Votazione: approvato con favorevole Ulivo e astenuti Rifondazione e CdL.

 

I NOSTRI COMMENTI

 

La piscina comunale. Nel complimentarci per il risparmio di 23 mila € su una base d'asta di 130 mila di contributi comunali per la gestione della piscina verrebbe comunque da suggerire all'Amministrazione di adoperarsi maggiormente affinché nelle gare d'appalto non partecipi solo un concorrente come è avvenuto in questo caso ma più interlocutori. Questo porterebbe naturalmente ad una maggiore concorrenza con possibilità di scelte ed offerte diverse ed una maggiore possibilità di ribassi sulla base d'asta indicata dal Comune. Interessante sarebbe poi capire perché l'unico partecipante al concorso decida di fare un'offerta al ribasso invece di aggiudicarsi l'appalto al prezzo, più favorevole per lui, indicato nel bando.

 

Il nuovo comparto del Gualando e il Museo. Nelle sue linee generali, per quel è stato esposto, ci pare uno "scambio" vantaggioso per il Comune acquisire dal privato 20 mila mq di terreno a fronte della concessione di 4 mila mq di superficie edificabile nell'ambito del nuovo Piano Particolareggiato del Gualando. Qualche perplessità ci permane sia sulla decisione di decentrare il nuovo polo scolastico rispetto al cuore del paese, che viene riconfermato con la progettazione del PRU del centro, sia sulla scelta di prevedere l'utilizzo della sala convegni del costituendo Museo Lazzarini per riunioni condominiali: pur rendendoci conto che così facendo l'Amministrazione incamera 50 mila € ci sembra che si svilisca il ruolo dell'istituzione museale, comportando probabilmente anche problemi di gestione e di tutela del patrimonio esposto.

 

La Scuola Parrocchiale di Pianoro Vecchia. Questa istituzione che nasce nel lontano 1885 e che ha ritrovato nuovo e fecondo impulso grazie all'attuale Parroco Don Luciano Bavieri è un patrimonio culturale, storico e sociale della nostra comunità che ha permesso e permette a varie decine di famiglie pianoresi, che non troverebbero posto nelle materne statali,  di risolvere il problema dell'affidamento dei figli in orario di lavoro e della loro formazione educativa negli anni prescolari.

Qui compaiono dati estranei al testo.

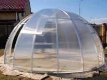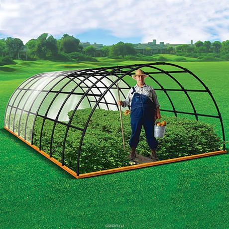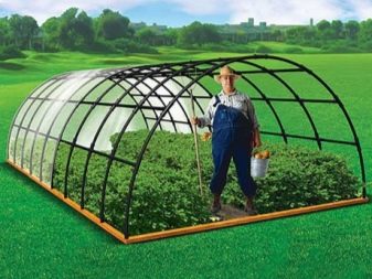 Vous pouvez également faire une serre voûtée à partir d'un tuyau en forme. Ce bâtiment a souvent une petite hauteur, mais le maître a la possibilité d’élever la "maison". Dans ce dernier cas, il sera possible non seulement de planter des plantes hautes, mais également de passer à la croissance maximale sans plier. Il est beaucoup plus pratique d’utiliser des structures à grande arche.Dans ces conditions, il sera possible de planter des greens renforcés sur des supports spéciaux.
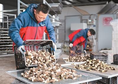 3月15日,在位於湖北省宜昌市遠安縣舊縣鎮的一家農業公司,工作人員攤鋪新鮮羊肚菌。新華社記者 伍志尊攝
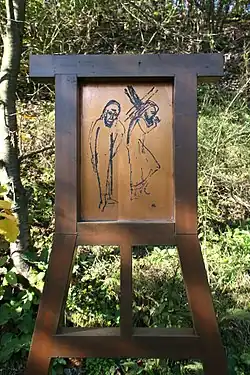 Ergänzend gibt es an jeder Station eine traditionelle Darstellung der Passion auf Kupfertafeln. Gestaltet wurden sie nach Rohrfederzeichnungen der Ordensschwester und Künstlerin Tisa von der Schulenburg.
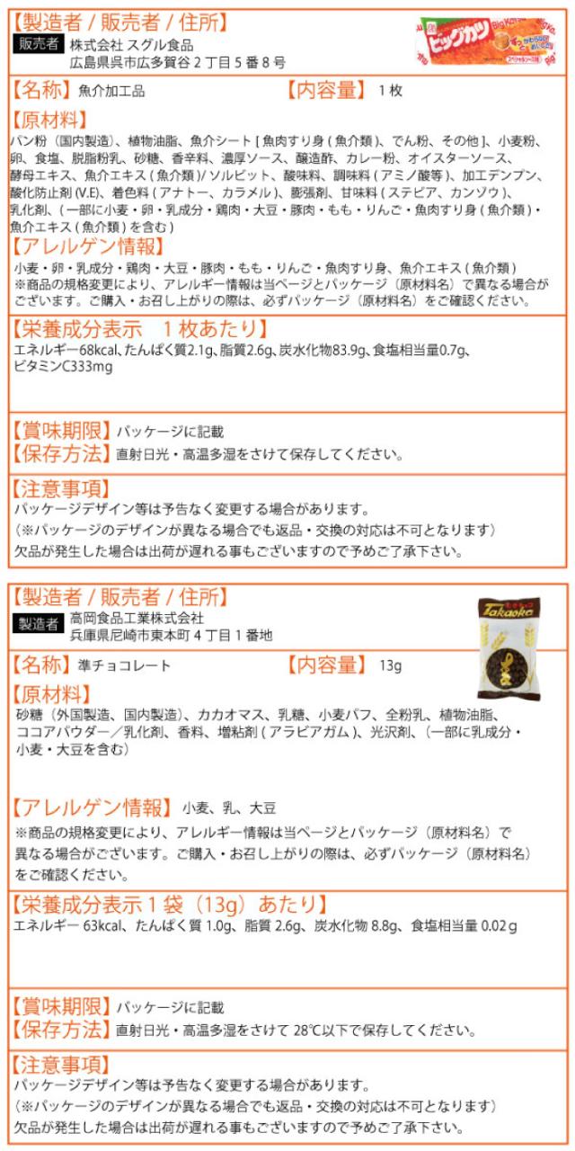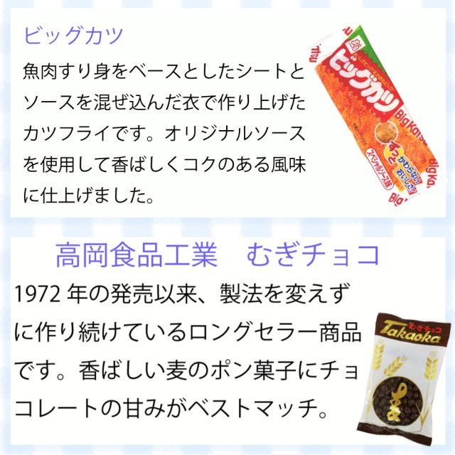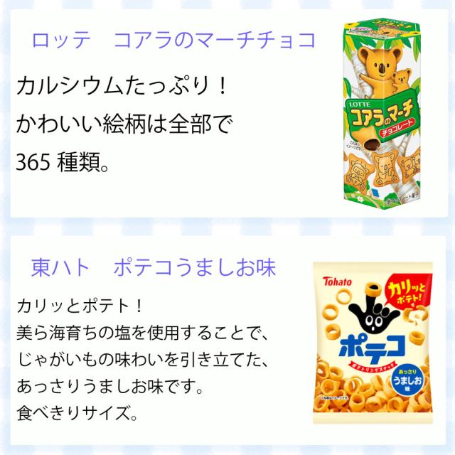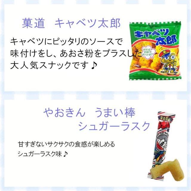 ポテトチップス コアラのマーチ シャーベットペロ キャベツ太郎 おにぎり うまい棒 クッピー ビッグカツ チョコバット ヤングドーナツ やいたら さくらんぼ
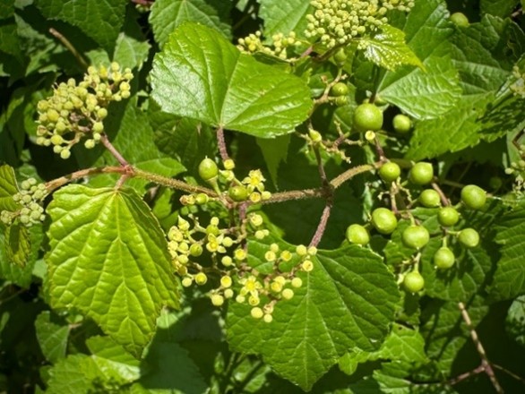 Native grapes including: summer grape (Vitis aestivalis), fox grape (Vitis labrusca), and frost grape (Vitis vulpina).
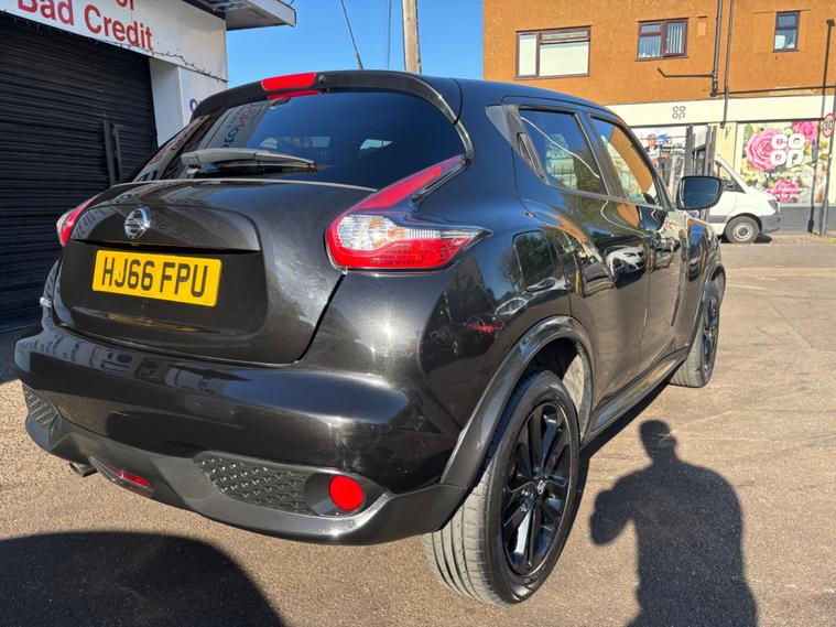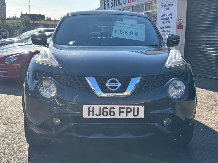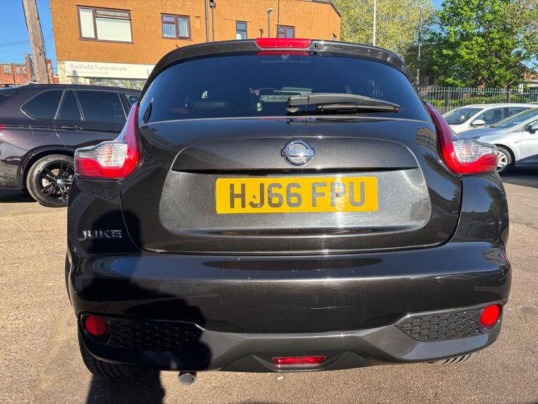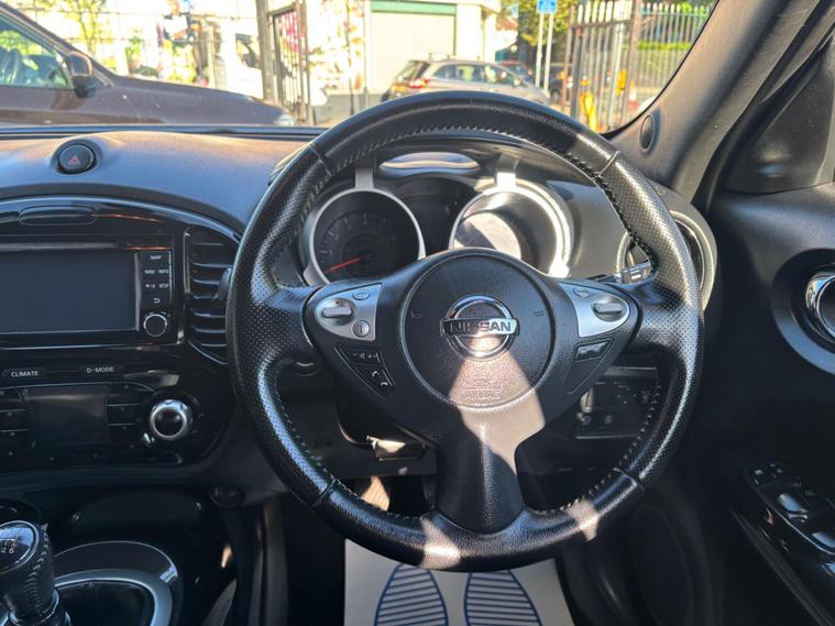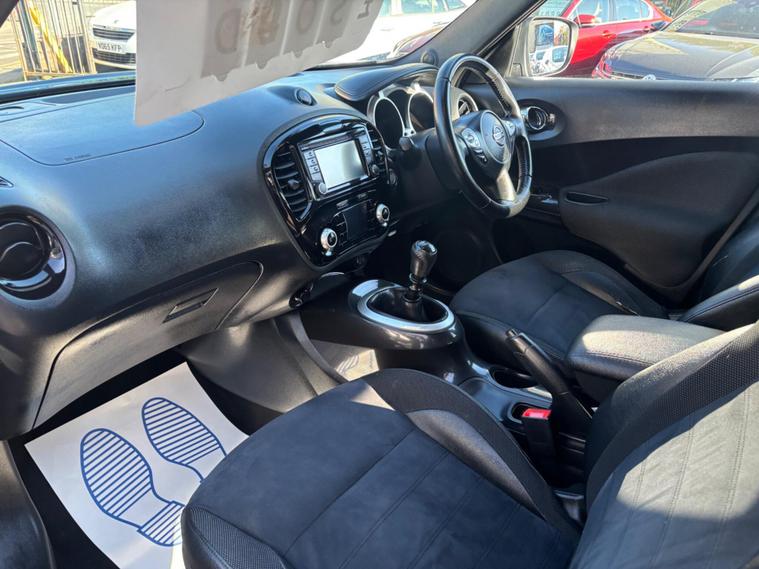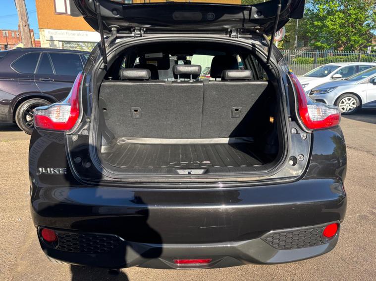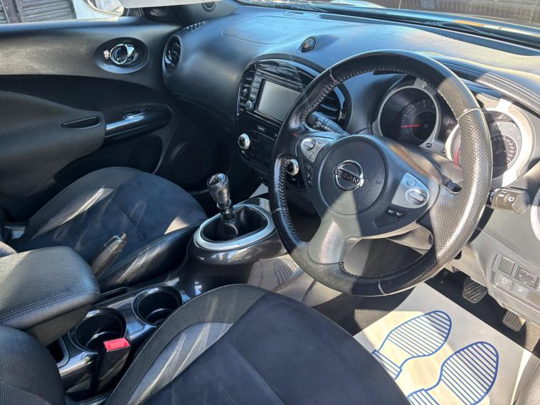 HERE WE HAVE ON SALE IS THIS FANTASTIC NISSAN JUKE 1.2 DIG-T N-CONNECTA EURO 6 FINISHED IN METALLIC BLACK...................IT COMES WITH HALF LEATHER/HALF SUEDE SEATS, SATELLITE NAVIGATION, DAB RADIO/CD PLAYER, MULTI FUNCTION STEERING WHEEL, BLUETOOTH, SAT NAV, REVERSE CAMERA, DUAL CLIMATE CONTROL, SPEED LIMITER, PUSH TO START, ELECTRIC WINDOWS, AIR CONDITIONING, ELECTRIC POWER-FOLD MIRRORS, ALLOY WHEELS, AND REMOTE CENTRAL LOCKING X2 KEYS....................THIS VEHICLE BOASTS FULL SERVICE HISTORY CONSISTING FROM 9122 MILES, 21917 MILES, 27366 MILES. 39769 MILES AND 58133 MILES MEANING THIS VEHICLE HAS BEEN MAINTAINED TO A VERY HIGH STANDARD.............THIS VEHICLE WILL BE SERVICED AT POINT OF SALE...............ONE FORMER KEEPER...........IT IS PRESENTED IN EXCELLENT CONDITION THROUGHOUT AND DRIVES LIKE WISE............................VIEWING ESSENTIAL..
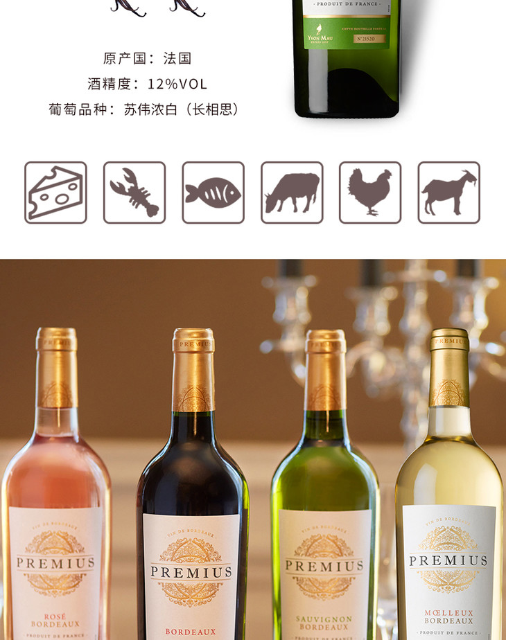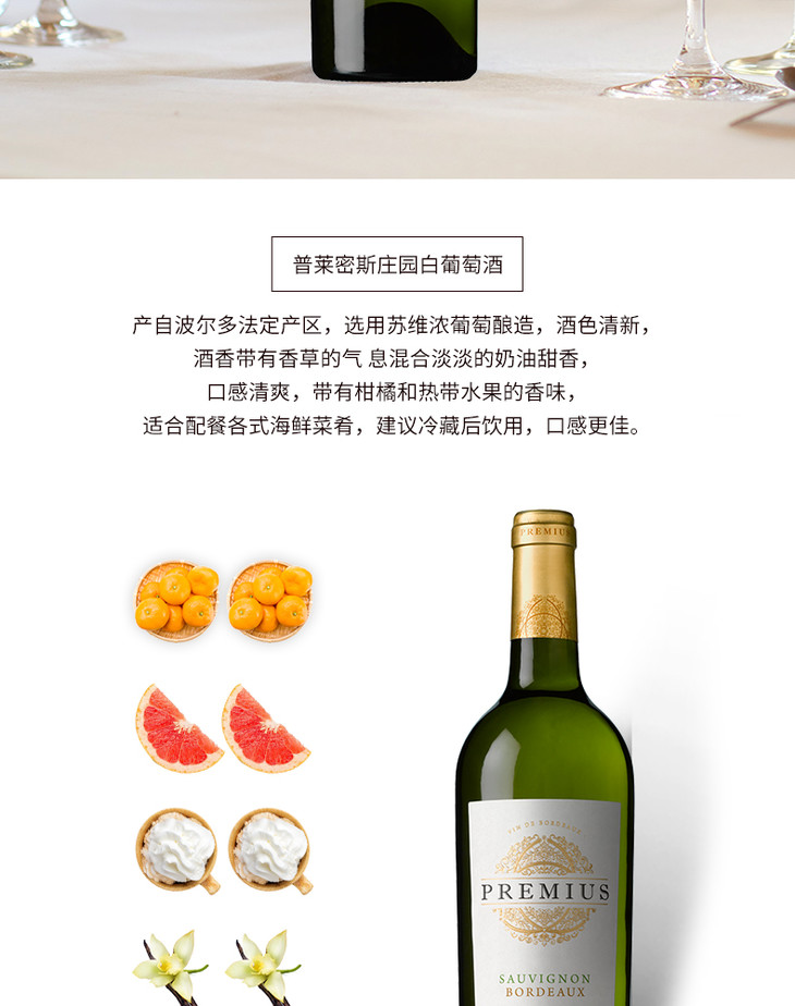 法国原瓶进口干白 普莱密斯城庄园白葡萄酒 Premius Blanc 单支装750ml

Bene ha fatto l'Amministrazione a rinnovare la convenzione con la Parrocchia di Pianoro Vecchia riconoscendone la funzione sociale e formativa sovvenzionando a tal scopo i lavori di manutenzione straordinaria necessari e prevedendo una contribuzione fissa annuale. Infine a beneficio dei cittadini interessati si precisa che nell'edificio parrocchiale sono presenti sia una scuola materna con 34 bambini dai tre ai sei anni, suddivisi in due sezioni, sia un asilo con una sola sezione di 12 bimbi dai due ai tre anni; si prevede che all'apertura di Settembre si possano aggiungere ulteriori 6 posti ma solo nella materna.

 

La pista ciclabile. Ci complimentiamo conl'Amministrazione che ha scelto di costruire la pista ciclabile, che da Pianoro Vecchia si ricongiungerà in futuro con quella già presente a Carteria, a distanza dalla Fondovalle Savena anche a fronte di maggiori spese; questa soluzione oltre a garantire sicurezza a pedoni e ciclisti permetterà di fruire maggiormente dell'aspetto naturalistico i quella che si preannuncia una rilassante e simpatica passeggiata lungo tutto il corso del Savena nel nostro territorio.